Convert GWAS summary statistics to a standard format

Format GWAS summary statistics for CAUSE

Usage

gwas_format(
  X,
  snp,
  beta_hat,
  se,
  A1,
  A2,
  chrom,
  pos,
  p_value,
  sample_size,
  allele_freq,
  output_file,
  compute_pval = TRUE
)

Arguments

X: data.frame
snp: Column name containing SNP ID
beta_hat: Column name containing effect estimate
se: Column name containing standard error of beta_hat
A1: Column name containing effect allele
A2: Column name containing other allele
chrom: Chromosome column (optional)
pos: Position column (optional)
p_value: p-value column (optional)
sample_size: Sample size column (optional) or an integer
output_file: File to write out formatted data. If missing formatted data will be returned.
compute_pval: Logical, compute the p-value using a normal approximation if missing? Defaults to TRUE.

Value

A data frame with columns chrom, pos, snp, A1, A2, beta_hat, se, p_value, and sample_size with all SNPs aligned so that A is the effect allele.
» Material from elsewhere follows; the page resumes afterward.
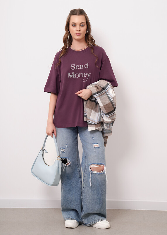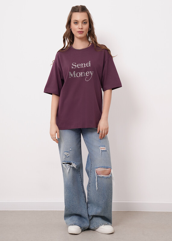 Производитель: Clever Футболка оверсайз из хлопкового трикотажного полотна. Короткий спущенный рукав. Округлая горловина с обтачкой из рибаны. По спинке средний шов. По переду термостразы.
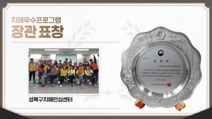 성북구(구청장 이승로)치매안심센터가 제14회 치매극복의 날 기념행사에서 치매 우수프로그램 운영 분야 우수기관으로 선정돼 보건복지부 장관상을 수상했다. 이번 표창은 우수한 프로그램을 운영한 치매안심센터를 선정해 수여하는 상으로, 시상식은 코로나19로 인해 ...

This is ready to be used with gwas_merge with formatted = TRUE.

Details

This function will try to merge data sets X1 and X2 on the specified columns. Where necessary, it will flip the sign of effects so that the effect allele is the same in both data sets. It will remove variants with ambiguous alleles or where the alleles (G/C or A/T) or with alleles that do not match between data sets (e.g A/G in one data set and A/C in the other). It will not remove variants that are simply strand flipped between the two data sets (e. g. A/C in one data set, T/G in the other).